Stored items:
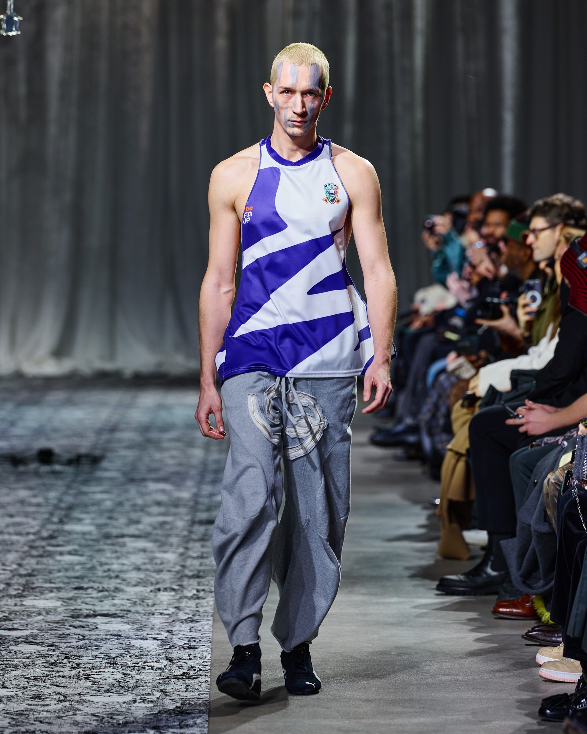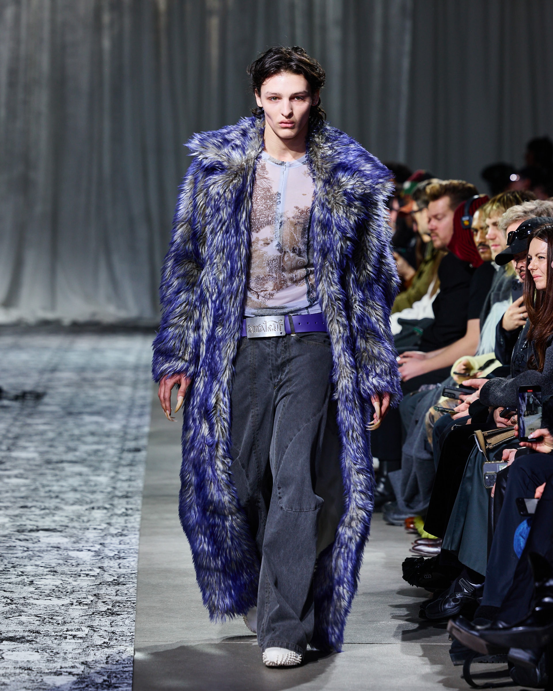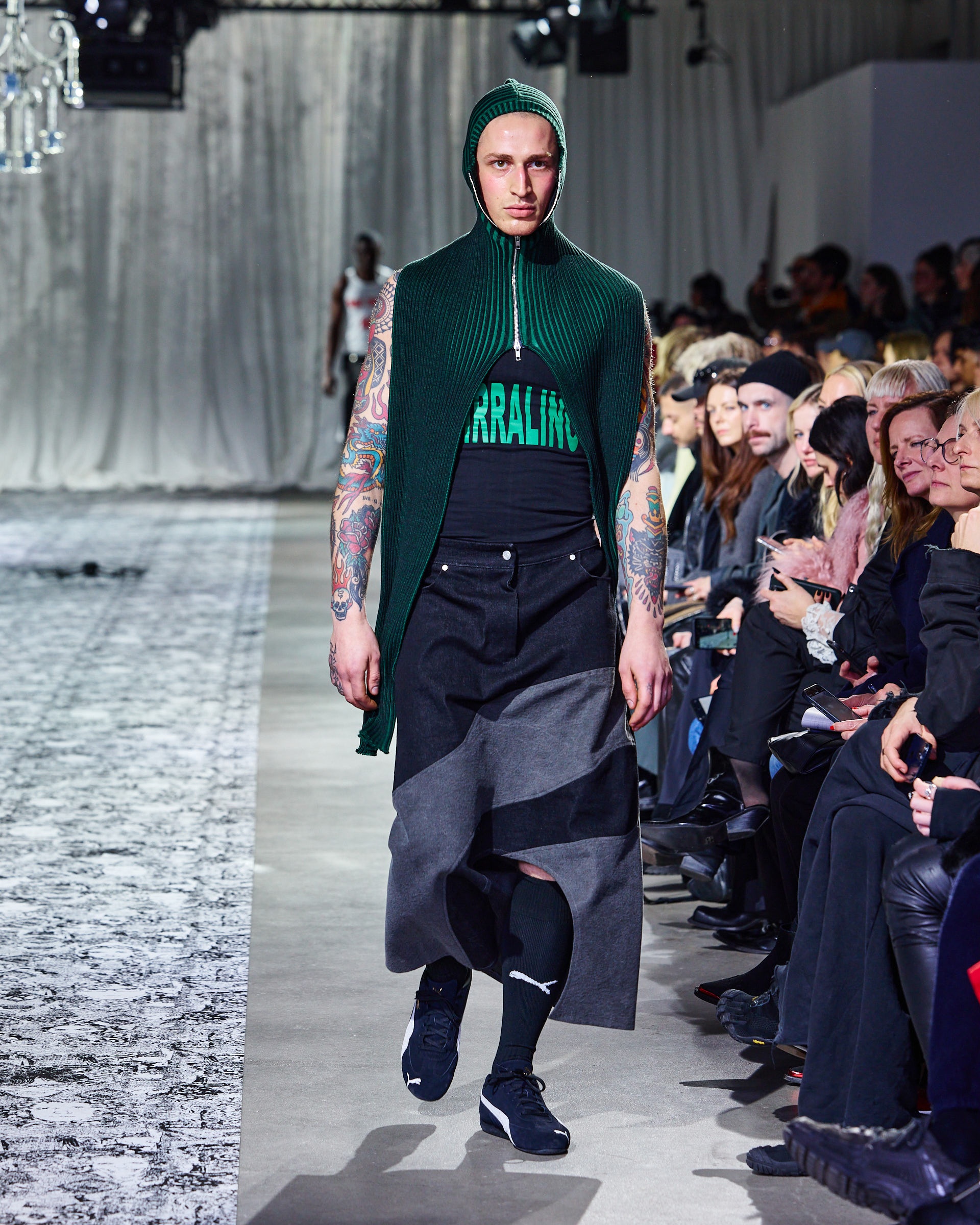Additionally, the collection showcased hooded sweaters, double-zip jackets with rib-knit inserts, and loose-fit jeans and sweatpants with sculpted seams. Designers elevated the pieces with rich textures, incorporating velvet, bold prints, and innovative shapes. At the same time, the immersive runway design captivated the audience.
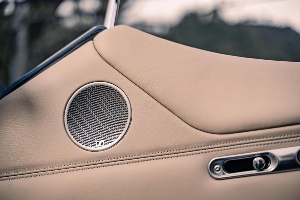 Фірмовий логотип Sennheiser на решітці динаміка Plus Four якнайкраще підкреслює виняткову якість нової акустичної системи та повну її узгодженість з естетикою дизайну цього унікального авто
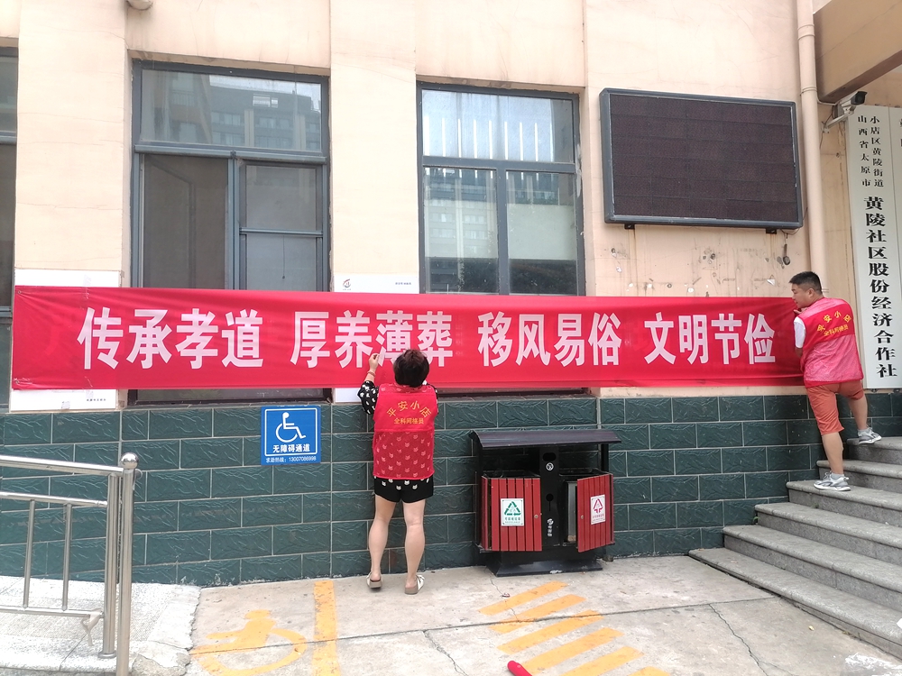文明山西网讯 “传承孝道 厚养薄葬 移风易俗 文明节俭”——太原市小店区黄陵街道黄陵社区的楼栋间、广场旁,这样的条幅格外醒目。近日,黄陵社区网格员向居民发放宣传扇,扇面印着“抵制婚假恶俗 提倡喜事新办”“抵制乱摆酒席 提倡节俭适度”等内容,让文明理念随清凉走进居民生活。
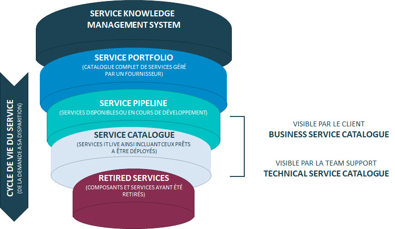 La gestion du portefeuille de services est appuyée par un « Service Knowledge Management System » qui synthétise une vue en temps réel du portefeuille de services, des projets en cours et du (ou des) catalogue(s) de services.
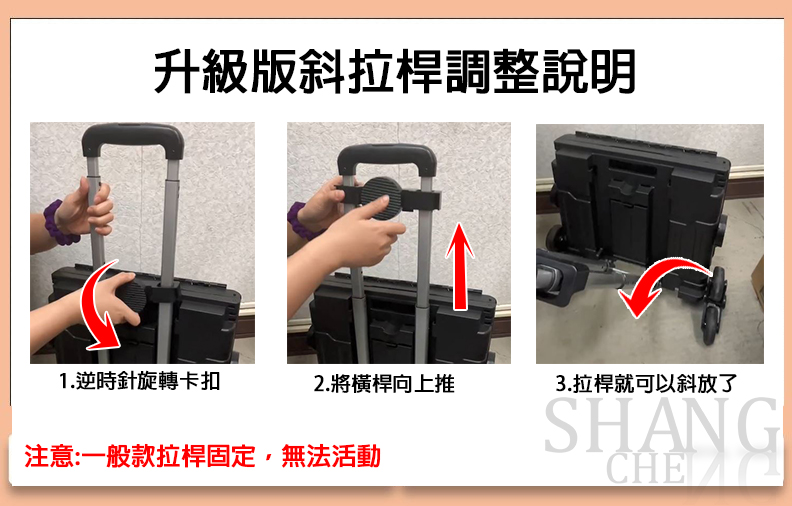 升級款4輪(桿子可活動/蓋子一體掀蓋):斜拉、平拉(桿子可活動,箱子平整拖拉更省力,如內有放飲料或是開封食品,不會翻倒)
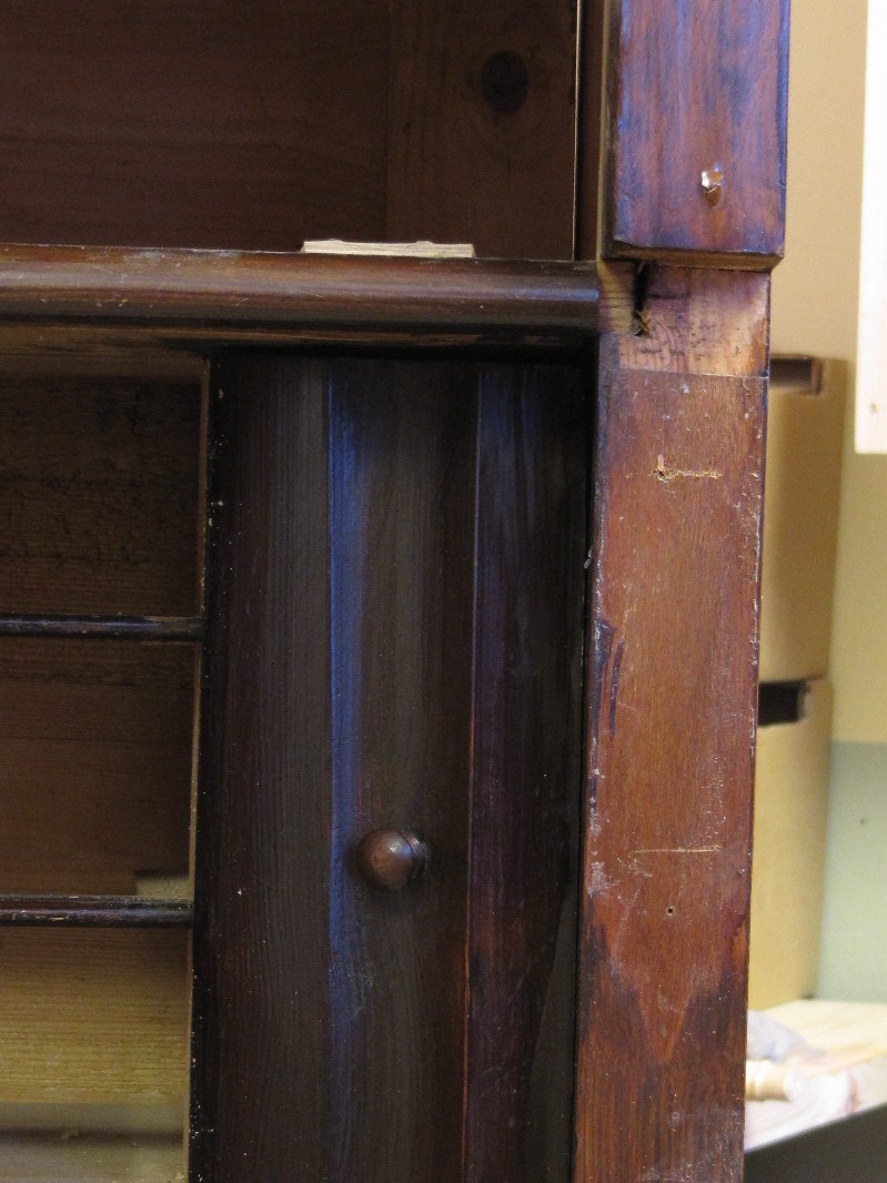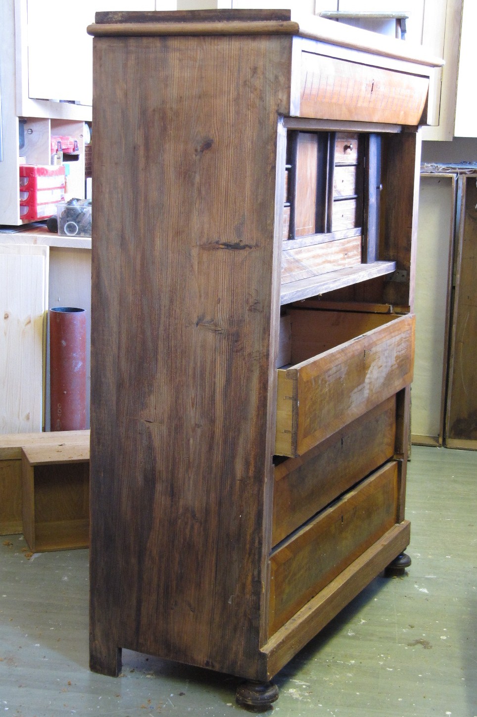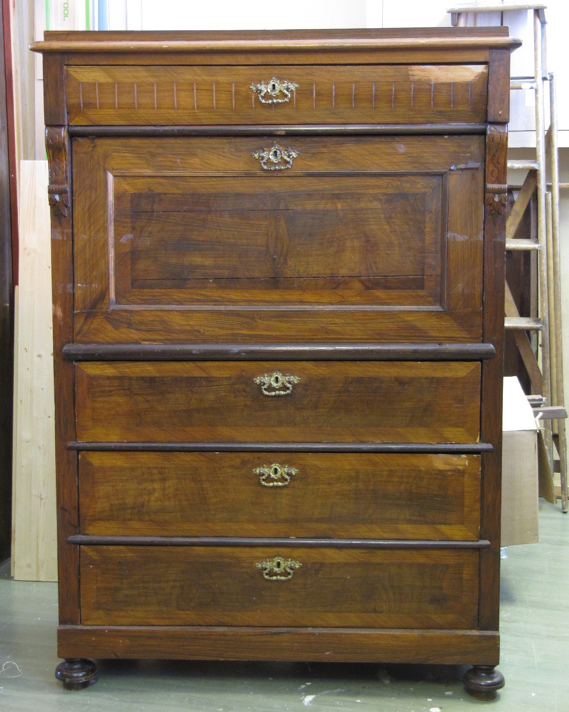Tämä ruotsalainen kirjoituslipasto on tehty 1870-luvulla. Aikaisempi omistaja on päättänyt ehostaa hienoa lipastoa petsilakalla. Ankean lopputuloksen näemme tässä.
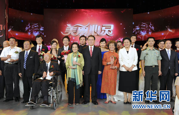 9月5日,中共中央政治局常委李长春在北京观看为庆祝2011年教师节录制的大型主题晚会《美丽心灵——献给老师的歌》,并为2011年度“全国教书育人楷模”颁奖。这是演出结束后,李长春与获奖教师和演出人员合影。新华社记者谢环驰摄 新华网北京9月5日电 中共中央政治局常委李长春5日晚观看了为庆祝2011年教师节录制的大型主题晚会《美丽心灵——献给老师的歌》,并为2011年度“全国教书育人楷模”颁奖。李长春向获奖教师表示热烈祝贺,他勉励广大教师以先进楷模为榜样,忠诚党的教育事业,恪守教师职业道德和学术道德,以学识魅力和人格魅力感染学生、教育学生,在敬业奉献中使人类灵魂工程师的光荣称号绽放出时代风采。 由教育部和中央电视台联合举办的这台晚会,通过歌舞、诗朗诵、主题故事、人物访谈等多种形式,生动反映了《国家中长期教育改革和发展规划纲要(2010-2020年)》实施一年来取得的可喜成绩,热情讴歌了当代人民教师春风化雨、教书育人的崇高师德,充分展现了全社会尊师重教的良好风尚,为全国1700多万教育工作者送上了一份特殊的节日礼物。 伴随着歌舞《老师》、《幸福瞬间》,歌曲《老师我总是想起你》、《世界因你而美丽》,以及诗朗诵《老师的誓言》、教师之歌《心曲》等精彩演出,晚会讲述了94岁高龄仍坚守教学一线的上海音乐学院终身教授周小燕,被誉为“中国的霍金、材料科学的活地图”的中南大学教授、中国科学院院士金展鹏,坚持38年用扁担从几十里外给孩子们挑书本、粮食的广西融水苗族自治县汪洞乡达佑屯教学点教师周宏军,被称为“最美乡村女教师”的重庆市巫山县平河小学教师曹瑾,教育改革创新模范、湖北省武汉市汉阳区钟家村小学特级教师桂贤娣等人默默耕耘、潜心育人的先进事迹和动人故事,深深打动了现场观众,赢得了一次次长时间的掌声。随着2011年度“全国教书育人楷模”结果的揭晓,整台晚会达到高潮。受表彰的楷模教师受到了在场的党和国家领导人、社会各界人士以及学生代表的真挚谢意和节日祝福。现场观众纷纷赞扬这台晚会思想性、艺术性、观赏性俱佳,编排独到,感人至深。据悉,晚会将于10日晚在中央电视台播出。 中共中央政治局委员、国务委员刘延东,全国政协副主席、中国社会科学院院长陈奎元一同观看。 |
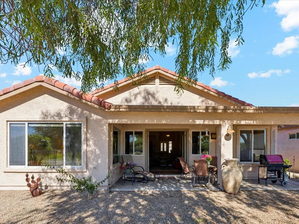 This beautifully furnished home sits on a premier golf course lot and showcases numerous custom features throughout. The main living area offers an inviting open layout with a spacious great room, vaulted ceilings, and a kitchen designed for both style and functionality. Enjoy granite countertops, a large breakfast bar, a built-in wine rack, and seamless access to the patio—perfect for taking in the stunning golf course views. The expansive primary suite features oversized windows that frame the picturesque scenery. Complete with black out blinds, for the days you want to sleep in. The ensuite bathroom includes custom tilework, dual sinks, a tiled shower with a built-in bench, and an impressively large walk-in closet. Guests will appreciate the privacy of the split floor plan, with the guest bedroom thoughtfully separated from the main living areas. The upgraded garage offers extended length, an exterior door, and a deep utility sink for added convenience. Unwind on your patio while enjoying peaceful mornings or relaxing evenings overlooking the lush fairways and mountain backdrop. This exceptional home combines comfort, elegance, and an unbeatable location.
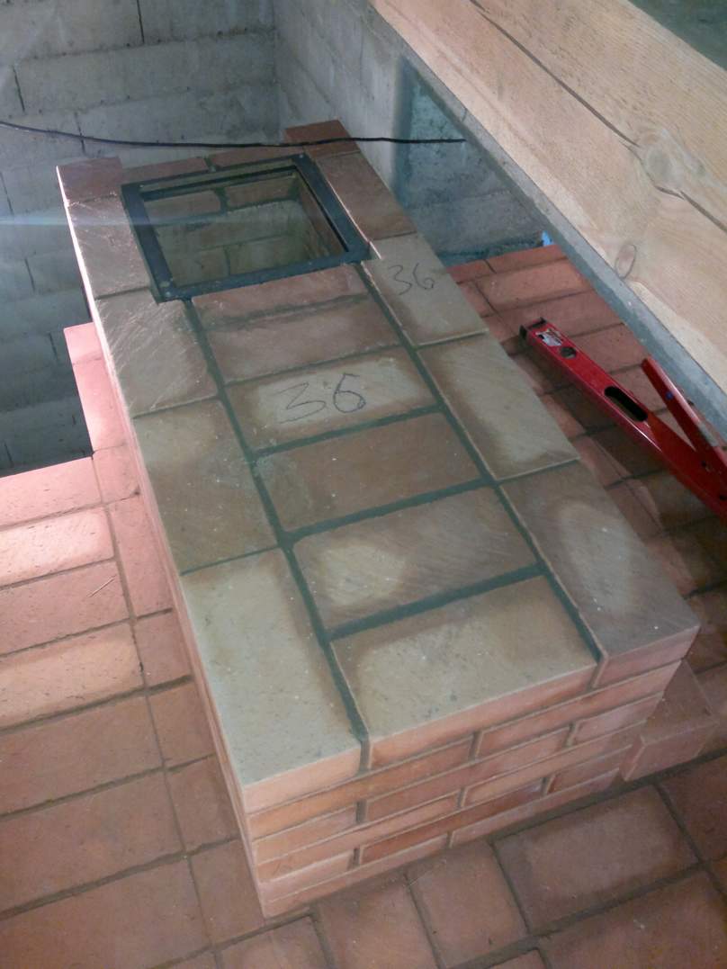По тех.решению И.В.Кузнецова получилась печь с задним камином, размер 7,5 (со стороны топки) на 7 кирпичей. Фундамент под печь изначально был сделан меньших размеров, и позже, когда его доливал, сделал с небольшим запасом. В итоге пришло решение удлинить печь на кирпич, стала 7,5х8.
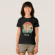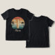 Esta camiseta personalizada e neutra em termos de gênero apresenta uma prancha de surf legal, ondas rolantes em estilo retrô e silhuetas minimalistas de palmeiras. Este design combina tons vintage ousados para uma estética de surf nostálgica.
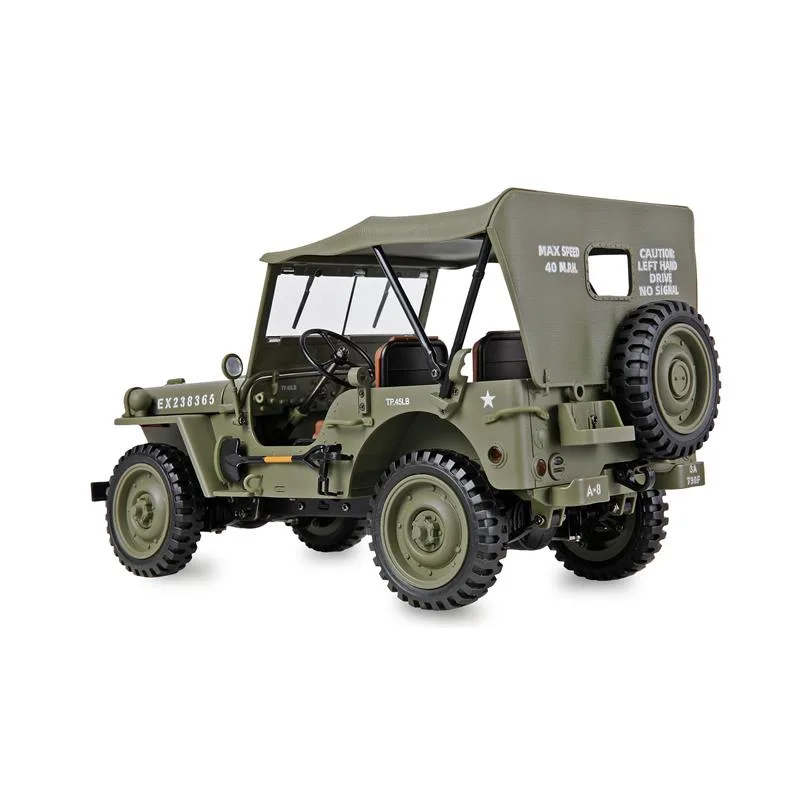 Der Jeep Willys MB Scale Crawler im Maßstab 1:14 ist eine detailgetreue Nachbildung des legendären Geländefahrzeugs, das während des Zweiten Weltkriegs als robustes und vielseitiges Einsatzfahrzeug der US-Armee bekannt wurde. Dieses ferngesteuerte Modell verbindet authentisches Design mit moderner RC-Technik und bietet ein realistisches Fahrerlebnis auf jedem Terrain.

## [TASK TO COMPLETE]
The data should be printed again unchanged; leave its pictures out.

## [TASK OUTPUT]
Additionally, the collection showcased hooded sweaters, double-zip jackets with rib-knit inserts, and loose-fit jeans and sweatpants with sculpted seams. Designers elevated the pieces with rich textures, incorporating velvet, bold prints, and innovative shapes. At the same time, the immersive runway design captivated the audience.
 Фірмовий логотип Sennheiser на решітці динаміка Plus Four якнайкраще підкреслює виняткову якість нової акустичної системи та повну її узгодженість з естетикою дизайну цього унікального авто
文明山西网讯 “传承孝道 厚养薄葬 移风易俗 文明节俭”——太原市小店区黄陵街道黄陵社区的楼栋间、广场旁,这样的条幅格外醒目。近日,黄陵社区网格员向居民发放宣传扇,扇面印着“抵制婚假恶俗 提倡喜事新办”“抵制乱摆酒席 提倡节俭适度”等内容,让文明理念随清凉走进居民生活。
 La gestion du portefeuille de services est appuyée par un « Service Knowledge Management System » qui synthétise une vue en temps réel du portefeuille de services, des projets en cours et du (ou des) catalogue(s) de services.
 升級款4輪(桿子可活動/蓋子一體掀蓋):斜拉、平拉(桿子可活動,箱子平整拖拉更省力,如內有放飲料或是開封食品,不會翻倒)
Tämä ruotsalainen kirjoituslipasto on tehty 1870-luvulla. Aikaisempi omistaja on päättänyt ehostaa hienoa lipastoa petsilakalla. Ankean lopputuloksen näemme tässä.
 9月5日,中共中央政治局常委李长春在北京观看为庆祝2011年教师节录制的大型主题晚会《美丽心灵——献给老师的歌》,并为2011年度“全国教书育人楷模”颁奖。这是演出结束后,李长春与获奖教师和演出人员合影。新华社记者谢环驰摄 新华网北京9月5日电 中共中央政治局常委李长春5日晚观看了为庆祝2011年教师节录制的大型主题晚会《美丽心灵——献给老师的歌》,并为2011年度“全国教书育人楷模”颁奖。李长春向获奖教师表示热烈祝贺,他勉励广大教师以先进楷模为榜样,忠诚党的教育事业,恪守教师职业道德和学术道德,以学识魅力和人格魅力感染学生、教育学生,在敬业奉献中使人类灵魂工程师的光荣称号绽放出时代风采。 由教育部和中央电视台联合举办的这台晚会,通过歌舞、诗朗诵、主题故事、人物访谈等多种形式,生动反映了《国家中长期教育改革和发展规划纲要(2010-2020年)》实施一年来取得的可喜成绩,热情讴歌了当代人民教师春风化雨、教书育人的崇高师德,充分展现了全社会尊师重教的良好风尚,为全国1700多万教育工作者送上了一份特殊的节日礼物。 伴随着歌舞《老师》、《幸福瞬间》,歌曲《老师我总是想起你》、《世界因你而美丽》,以及诗朗诵《老师的誓言》、教师之歌《心曲》等精彩演出,晚会讲述了94岁高龄仍坚守教学一线的上海音乐学院终身教授周小燕,被誉为“中国的霍金、材料科学的活地图”的中南大学教授、中国科学院院士金展鹏,坚持38年用扁担从几十里外给孩子们挑书本、粮食的广西融水苗族自治县汪洞乡达佑屯教学点教师周宏军,被称为“最美乡村女教师”的重庆市巫山县平河小学教师曹瑾,教育改革创新模范、湖北省武汉市汉阳区钟家村小学特级教师桂贤娣等人默默耕耘、潜心育人的先进事迹和动人故事,深深打动了现场观众,赢得了一次次长时间的掌声。随着2011年度“全国教书育人楷模”结果的揭晓,整台晚会达到高潮。受表彰的楷模教师受到了在场的党和国家领导人、社会各界人士以及学生代表的真挚谢意和节日祝福。现场观众纷纷赞扬这台晚会思想性、艺术性、观赏性俱佳,编排独到,感人至深。据悉,晚会将于10日晚在中央电视台播出。 中共中央政治局委员、国务委员刘延东,全国政协副主席、中国社会科学院院长陈奎元一同观看。 |
 This beautifully furnished home sits on a premier golf course lot and showcases numerous custom features throughout. The main living area offers an inviting open layout with a spacious great room, vaulted ceilings, and a kitchen designed for both style and functionality. Enjoy granite countertops, a large breakfast bar, a built-in wine rack, and seamless access to the patio—perfect for taking in the stunning golf course views. The expansive primary suite features oversized windows that frame the picturesque scenery. Complete with black out blinds, for the days you want to sleep in. The ensuite bathroom includes custom tilework, dual sinks, a tiled shower with a built-in bench, and an impressively large walk-in closet. Guests will appreciate the privacy of the split floor plan, with the guest bedroom thoughtfully separated from the main living areas. The upgraded garage offers extended length, an exterior door, and a deep utility sink for added convenience. Unwind on your patio while enjoying peaceful mornings or relaxing evenings overlooking the lush fairways and mountain backdrop. This exceptional home combines comfort, elegance, and an unbeatable location.
По тех.решению И.В.Кузнецова получилась печь с задним камином, размер 7,5 (со стороны топки) на 7 кирпичей. Фундамент под печь изначально был сделан меньших размеров, и позже, когда его доливал, сделал с небольшим запасом. В итоге пришло решение удлинить печь на кирпич, стала 7,5х8.
 Esta camiseta personalizada e neutra em termos de gênero apresenta uma prancha de surf legal, ondas rolantes em estilo retrô e silhuetas minimalistas de palmeiras. Este design combina tons vintage ousados para uma estética de surf nostálgica.
 Der Jeep Willys MB Scale Crawler im Maßstab 1:14 ist eine detailgetreue Nachbildung des legendären Geländefahrzeugs, das während des Zweiten Weltkriegs als robustes und vielseitiges Einsatzfahrzeug der US-Armee bekannt wurde. Dieses ferngesteuerte Modell verbindet authentisches Design mit moderner RC-Technik und bietet ein realistisches Fahrerlebnis auf jedem Terrain.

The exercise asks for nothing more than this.